There are possible futures where prediction (3) is obvious. For example, if someone predicted that 50% of trips will be self driving in 2021 (many people did predict that 5 years ago) we can easily prove them wrong without having to debate whether Tesla is L2 or L5 and whether that matters. Teslas are not 50% of the cars on the road, nor are Waymos, so you can easily see that most trips in 2021 are not self driving by any definition. I think there are also future worlds were 95% of cars and trips are L5, most cars can legally autonomously drive anywhere without any humans inside, etc, and in that world there isn’t much to debate about unless you’re really petty. So we could make bets hoping that things will be that obvious, but I don’t think either of us want to do the work to avoid this kind of ambiguity.
I’m happy to consider my bets as paid in Bayes points without any need for future adjudication. So, for all the Bayes points, I’d love to hear what your equivalent predictions are for 2026.

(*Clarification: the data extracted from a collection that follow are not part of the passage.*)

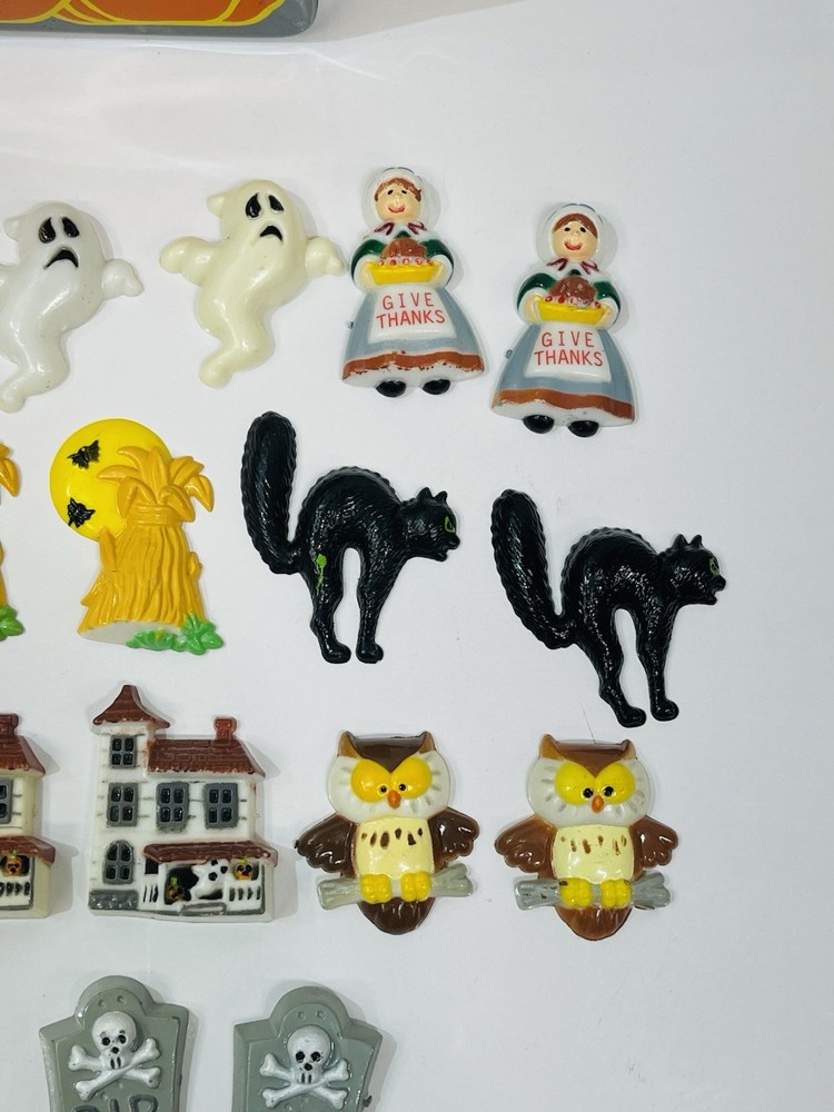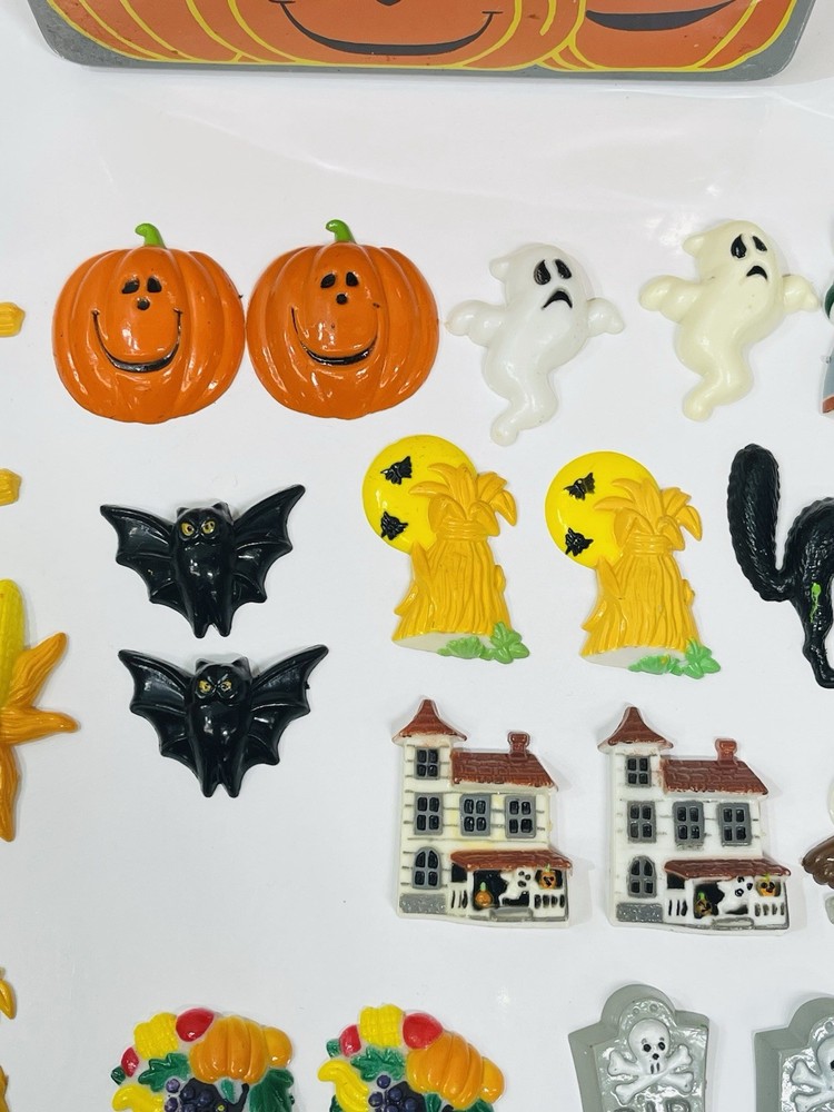 Lot of 32 Vintage JSNY 1980's Halloween mini plastic magnets and tin, all of the magnets are in good condition, so I’m sure some small signs of use, I did replace two of the magnets with rare earth magnets and will add a couple extras in case there needed in the future . The tin is in good condition but does have some dents in it . . Thank you for Visiting Northern Michigan's Ebay Store, We offer a wide variety of New and used items, Please view all photo's, as they are the best description of each item, we value our customers and do our best to offer items as described. If by chance we miss something please contact us, as customer satisfaction and service is our number one goal. Thank You for visiting and have a great day!
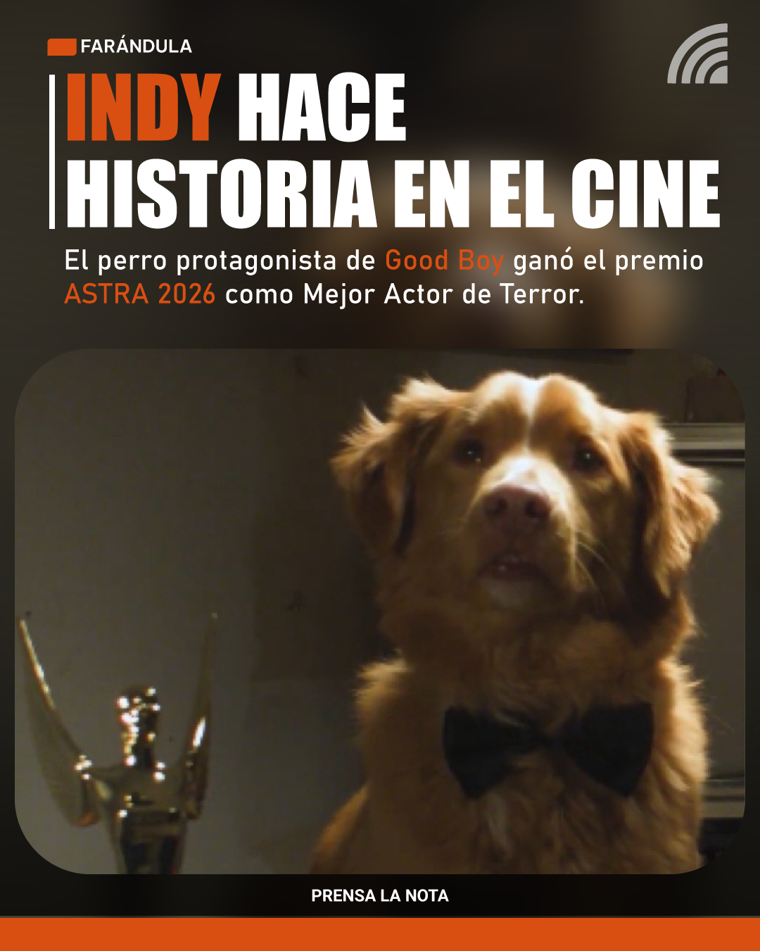 En un hecho inédito dentro de la industria cinematográfica, el perro actor Indy fue reconocido como Mejor Actor en una película de terror o suspenso durante los Premios ASTRA 2026, gracias a su papel protagónico en la cinta Good Boy, dirigida por Ben Leonberg.
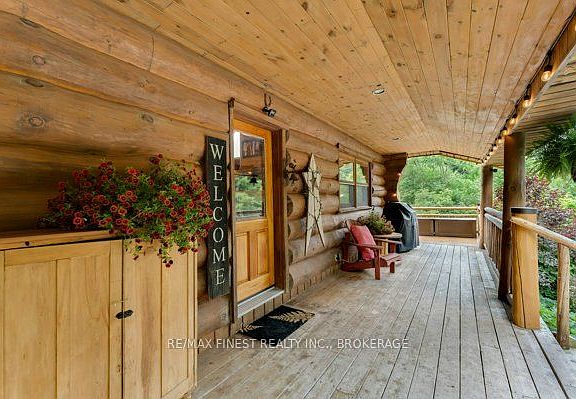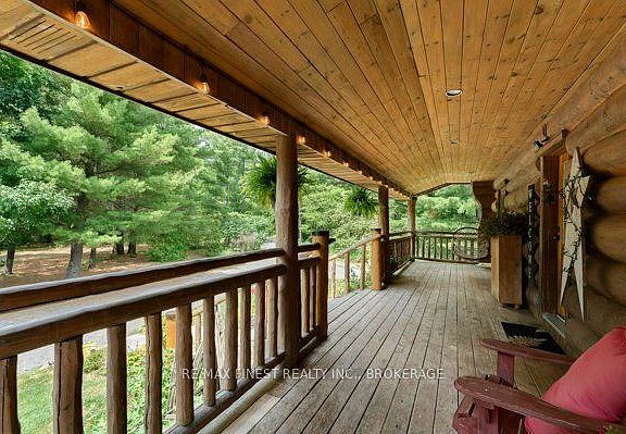 Nestled amongst mature trees on a quiet country road just 20 minutes to town, this stunning BC Fir Log home situated on a tranquil and private 4 acres is sure to impress. The home cannot bee seen from the road and features a turn around driveway lined by lilacs ideal for a trailer, boat, etc. with access to drive shed ideal for storing your toys. As you pull up to the front entrance you are immediately greeted by a large welcoming front porch spanning the entire front of the home ideal for morning coffees or unwinding after a long day at work. Once done enjoying the beautiful setting, as you head into the home you will appreciate the amazing wood work and log details spanning two storeys providing a warm open feeling easily integrating your Kitchen, dining, and living areas punctuated by a centrally located fireplace. Natural light floods the home in abundance, gracing the living area, country kitchen with island and spacious dining ideal for entertaining and family gatherings. The main floor also features two good sized bedrooms as well as a lovely 4 piece bathroom. As you ascend the skillfully crafted wood stairs, you arrive at the landing overlooking the main floor and enter into the large primary bedroom with balcony and 4 piece ensuite. The functionality and appeal of this already impressive home is further compounded by a bright walkout basement withnew carpet and easy access both from the side of the home through your attractive mudroom as well as the backyard leading out to the stamped concrete patio and hot tub overlooking the peaceful grounds . The basement features plenty of storage, a home office, a rec room as well as a family room with the possibility of creating another bedroom or in-law set up. While already impressed, let me leave you with a few additional conveniences; there is a poured pad ready for a garage if desired, the new front entry steps are sure to impress, many windows are newer, chicken ready set-up, and the fireplace is WETT cert!

For what it’s worth, here’s my revised (3): Greater than 10% of cars on the road will be legally capable of either L4/L5 OR legally L2/L3 but disengagements will be uncommon, less than once in a typical trip. (Meaning, if you watch a video from the AI DRIVR YouTube channel, there’s less than one disengagement per 20 minutes of driving time.)
To be clear, I have spent a ton of time on Metaculus and I find this impression incorrect. I have spent comparatively little time on Long Bets but I think it’s also wrong there for the most part.
I think you may have accidentally called out parties who are, in my opinion, exemplars of what solid prediction platforms should look like. There are far, far worse parties that you could have called out.